For years, ALEC worked to influence Congress to pass the Postal Accountability and Enhancement Act of 2006, requiring the USPS to pay $5.5 billion annually for pension health care benefits 75 years in advance. No other agency carries that burden. In 2006, before the PAEA, the USPS profit was $0.9 billion.

Under pressure of this substantial red ink, postal management in the last year closed 30 percent of its processing and distribution plants; reduced hours up to 75 percent in half of the post offices; put 10 percent of buildings up for sale; subcontracted trucking and mail handling; cut thousands of mail routes; and eliminated 60,000 living-wage postal jobs. These cuts all slow down the mail system.

Tea Party House Rep. Darrell Issa (R-Calif.), the richest man in Congress with a net worth of $448 million, heads the House Oversight and Government Reform Committee. (KSBW.com, Dec. 27, 2011)

Issa is the congressional pitbull most insistent on passing postal privatization. Issa’s HR2748 bill would end Saturday delivery, replace door-to-door delivery for 40 million homes with neighborhood cluster boxes and eliminate 100,000 postal jobs.

The use of cluster boxes not only inconveniences mail recipients but would de-skill jobs that require stamina and a good memory, allowing the USPS to follow the anti-labor example of the Netherlands in hiring part-time, low-paid workers.

The Koch brothers contributed $107,000 to 13 Republican members of the HOGRC — $12,500 just to Issa, who sent staff members to a Koch brothers’ think tank. (Press Enterprise, Feb. 27, 2011).

Barclay’s, UBS, Bank of America, Merrill Lynch and Goldman Sachs were recently selected by the British Parliament to lead a banking syndicate overseeing privatization of the Royal Mail, valued at $4.8 billion. Goldman Sachs also supported privatization campaigns in Japan, Germany, the Netherlands and Austria.

Not coincidentally, Issa hired former Goldman Sachs vice president, Peter Haller, to serve on the HOGRC. Bank of America was Issa’s fifth highest campaign contributor at $21,850 (2012). Carper received $56,740 from Bank of America.

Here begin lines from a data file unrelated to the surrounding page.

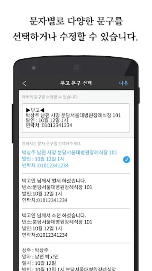 갑자기 상으로 경황이 없을때 지인들에게 신속하고 정중하게 모바일 부고장을 보내는 서비스입니다.
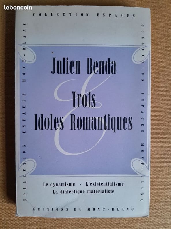 Editions du Mont-Blanc" Collection Espaces" 1948, in-12 broché, 178 p. (papier un peu bruni, sinon bon état) Le très intellectualiste auteur de La Trahison des Clercs pourfend ici les attitudes qui font de l'action le bien suprême au détriment de la pensée...
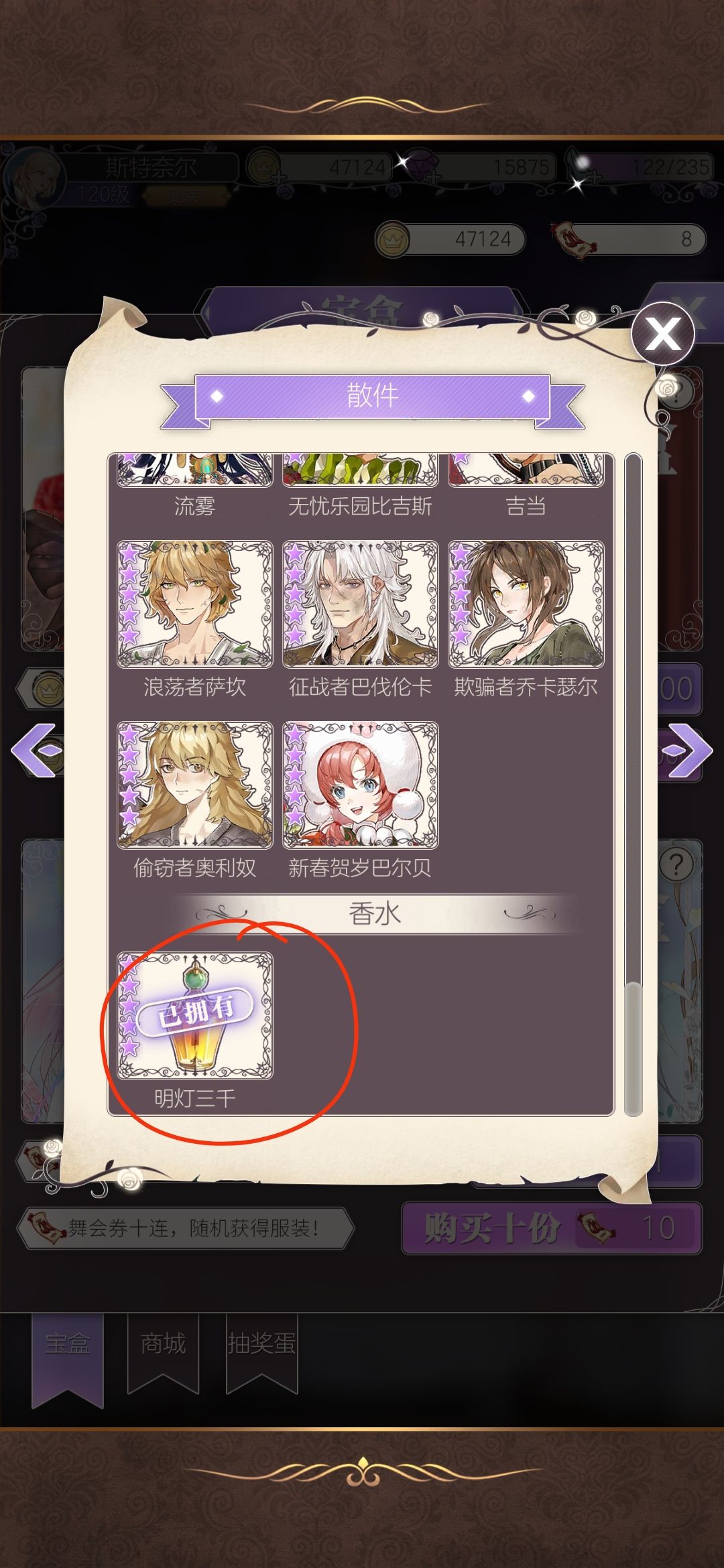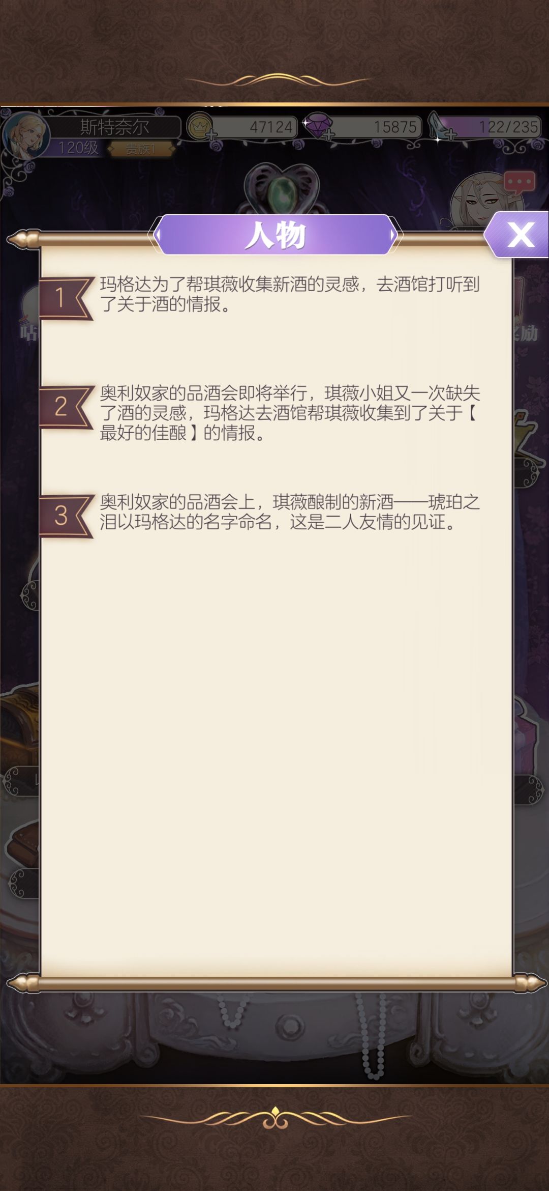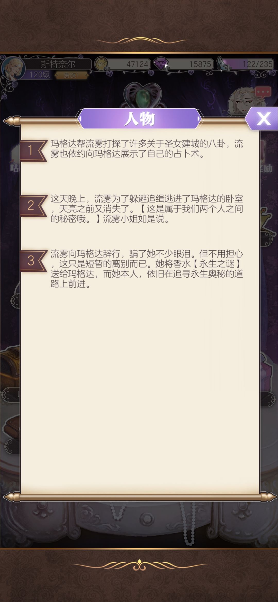 获取方法:流雾满好感,完成流雾好感任务最后一个任务。与琪薇的香水不同的是,流雾前两个任务要分别询问三个人消息(加起来就是六个人)要自己去随机舞会找相应角色,所以体力消耗比较随机和大,大概要两三百体力,所以建议大家体力有空闲的时候再去做流雾的好感任务哦。

These millionaires and billionaires may look powerful, and they’re certainly rich, but postal workers can still win against them if they’re united with the great global working class.

The USPS is the second largest employer in America. Employer of 130,000 veterans, and makes a profit. The USPS is self sustaining.

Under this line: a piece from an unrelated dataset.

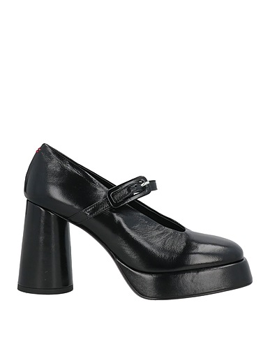 mary jane pumps, leather, solid color, no appliqués, leather lining, buckle fastening, square toe, geometric heel, leather sole, contains non-textile parts of animal origin, large sized
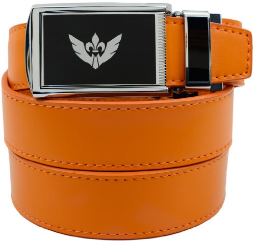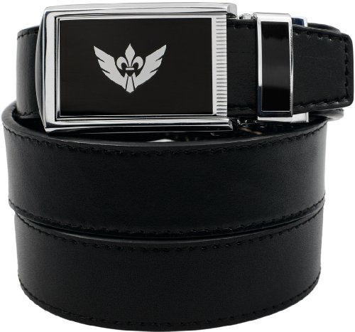 What is a SlideBelts brand ratchet belt? It's a leather belt that lets you freely adjust your belt size without the limitation of holes in the leather. In fact, there are no holes at all! A tab in the buckle catches on a row of notches sewn onto the underside of the leather, allowing for over 30 size options with 1/4" (6.35 mm) between adjustments. All SlideBelts come with a belt strap that can be trimmed to your exact waist size. The full length of one of our straps fits a 48" (122 cm) waist size. All buckles are completely removable and interchangeable with compatible SlideBelts products. Try SlideBelts out and see why there's no reason to poke holes in a perfectly good piece of leather.Feature

This downturn in the USPS’s fortunes is seized upon by conservatives eager to sell it for parts and who attack it as another bailout-needing Big Government program that the private sector can manage better. Yet who would move my letter that far that fast and that accurately for that little? The start-up costs alone would be stratospheric. The variety of new products they provide—the if-it-fits-it-ships concept, 24-hour automated kiosks and home stamp printing to cite a few used in the past month —show they still have good ideas. That the USPS still handles 40 percent of the world’s mail shows that a significant part of the world economy — including that which has been born on eBay, Amazon and craigslist — still rely on it.

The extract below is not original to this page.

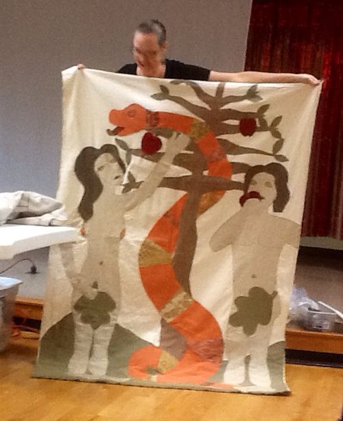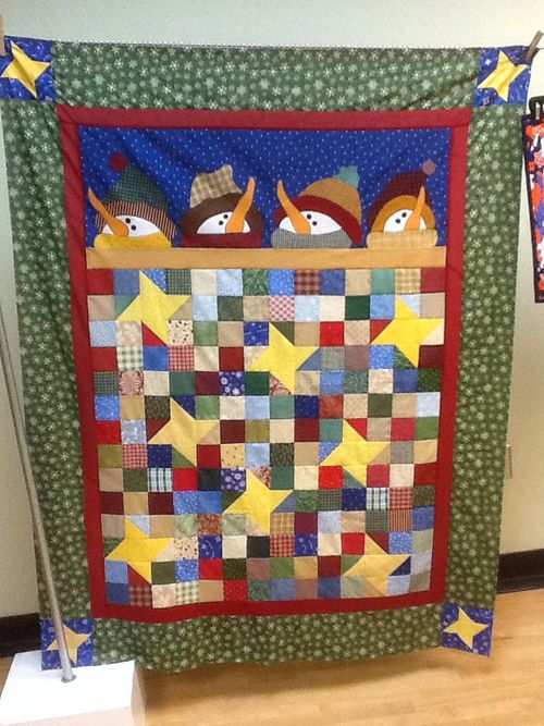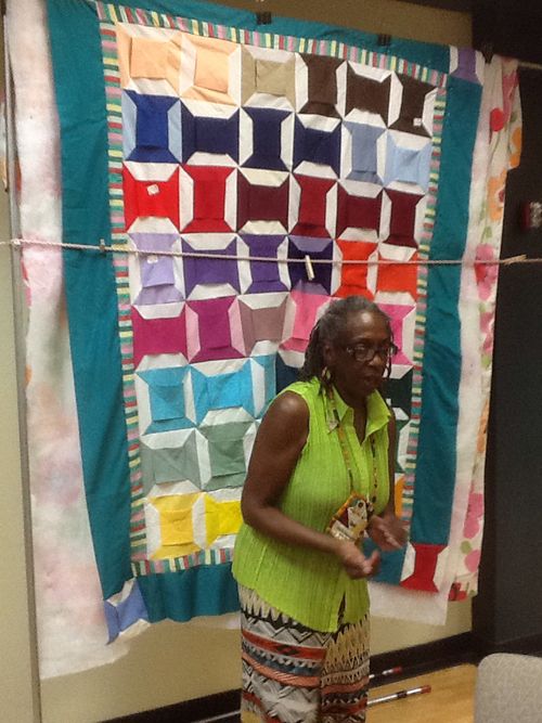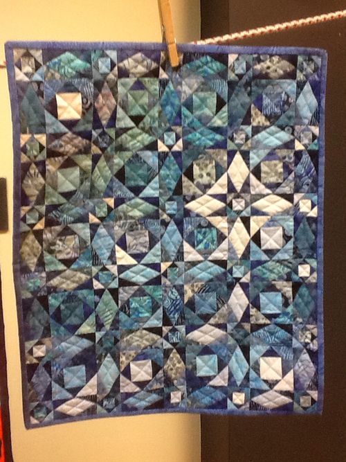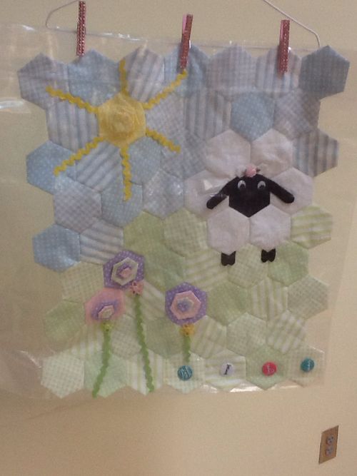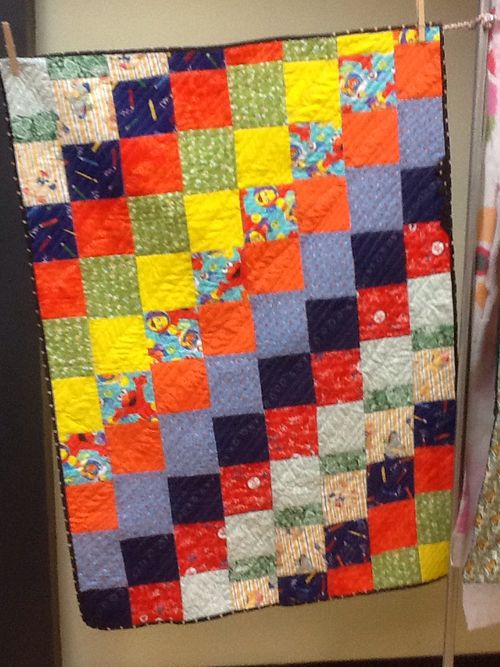 I'm finally sewing the hanging sleeve on the baby quilt so soon it will be on its way to the baby girl who it will belong to ... or would that be "to whom it will belong"?

Conservative attacks on the post office are most baffling because there’s little in American life more old-fashioned or community oriented. The Founding Fathers decreed it as an essential function of the federal government right there in the U.S. Constitution, and Norman Rockwell, the right’s go-to artist for traditional values and nostalgia, canonized the letter carrier as an adequate stand-in for Santa in his classic “The Jolly Postman.” What’s more, the news is routinely filled with heroic tales of the mailman who sensed something was off at a house he’s served for decades and managed to stop a crime or call paramedics for an incapacitated resident.